Among the lines below, keep only those from the one containing "A l’Eva també" through the one containing "ゲンガーex [RR] (SV5K_047/071)", and reproduce them exactly.

Record set |
>>>>
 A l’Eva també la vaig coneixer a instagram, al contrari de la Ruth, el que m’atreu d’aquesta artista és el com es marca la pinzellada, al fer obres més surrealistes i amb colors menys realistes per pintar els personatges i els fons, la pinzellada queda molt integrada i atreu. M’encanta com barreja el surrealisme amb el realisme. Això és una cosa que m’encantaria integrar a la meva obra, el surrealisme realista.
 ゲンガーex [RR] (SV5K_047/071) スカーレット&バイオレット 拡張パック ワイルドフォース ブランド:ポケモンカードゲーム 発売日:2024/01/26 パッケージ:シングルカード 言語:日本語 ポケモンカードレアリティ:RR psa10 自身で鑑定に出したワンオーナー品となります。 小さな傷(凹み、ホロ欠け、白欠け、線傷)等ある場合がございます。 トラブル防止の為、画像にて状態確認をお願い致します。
<<<<
>>>>
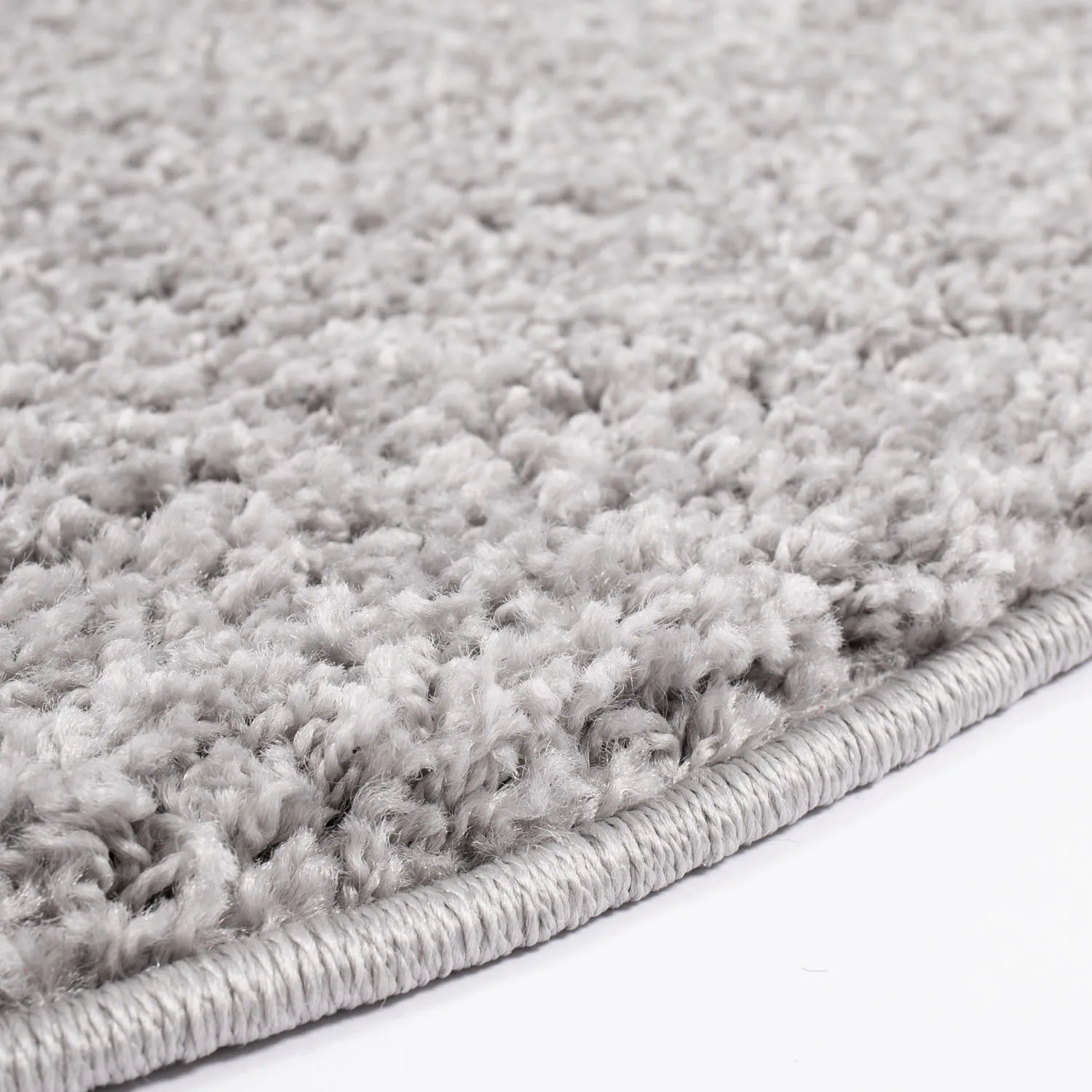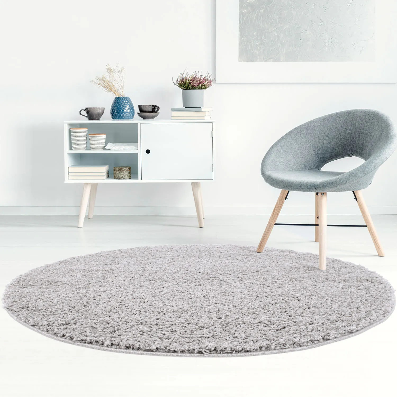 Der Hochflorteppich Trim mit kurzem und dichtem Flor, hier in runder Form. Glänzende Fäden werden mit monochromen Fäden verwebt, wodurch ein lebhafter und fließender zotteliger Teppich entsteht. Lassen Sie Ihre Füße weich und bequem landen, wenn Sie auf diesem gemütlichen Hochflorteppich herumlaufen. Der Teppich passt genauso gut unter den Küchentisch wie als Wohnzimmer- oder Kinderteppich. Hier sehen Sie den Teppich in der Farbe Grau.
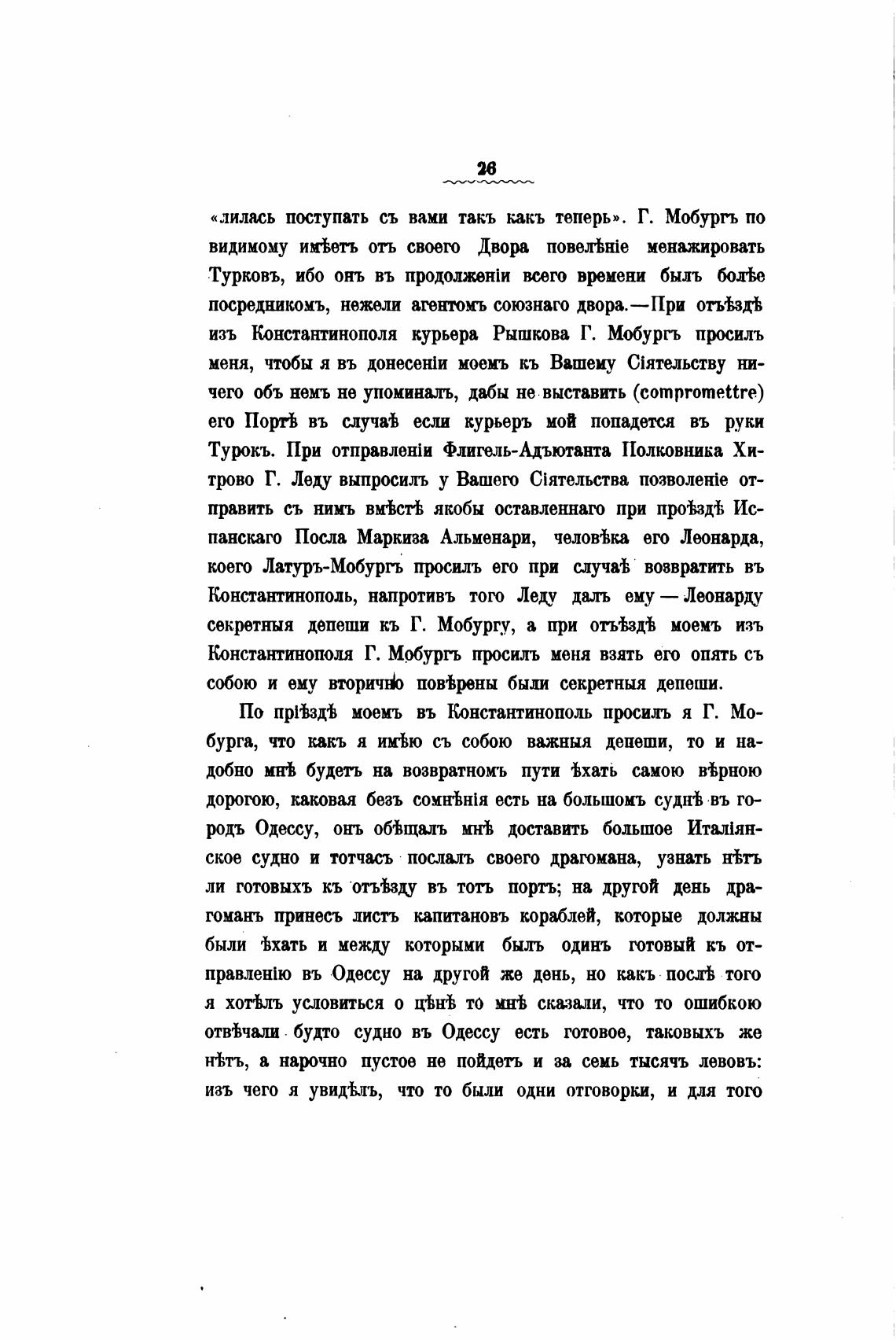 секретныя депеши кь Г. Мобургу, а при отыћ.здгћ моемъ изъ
<<<<
Written answer |
 A l’Eva també la vaig coneixer a instagram, al contrari de la Ruth, el que m’atreu d’aquesta artista és el com es marca la pinzellada, al fer obres més surrealistes i amb colors menys realistes per pintar els personatges i els fons, la pinzellada queda molt integrada i atreu. M’encanta com barreja el surrealisme amb el realisme. Això és una cosa que m’encantaria integrar a la meva obra, el surrealisme realista.
 ゲンガーex [RR] (SV5K_047/071) スカーレット&バイオレット 拡張パック ワイルドフォース ブランド:ポケモンカードゲーム 発売日:2024/01/26 パッケージ:シングルカード 言語:日本語 ポケモンカードレアリティ:RR psa10 自身で鑑定に出したワンオーナー品となります。 小さな傷(凹み、ホロ欠け、白欠け、線傷)等ある場合がございます。 トラブル防止の為、画像にて状態確認をお願い致します。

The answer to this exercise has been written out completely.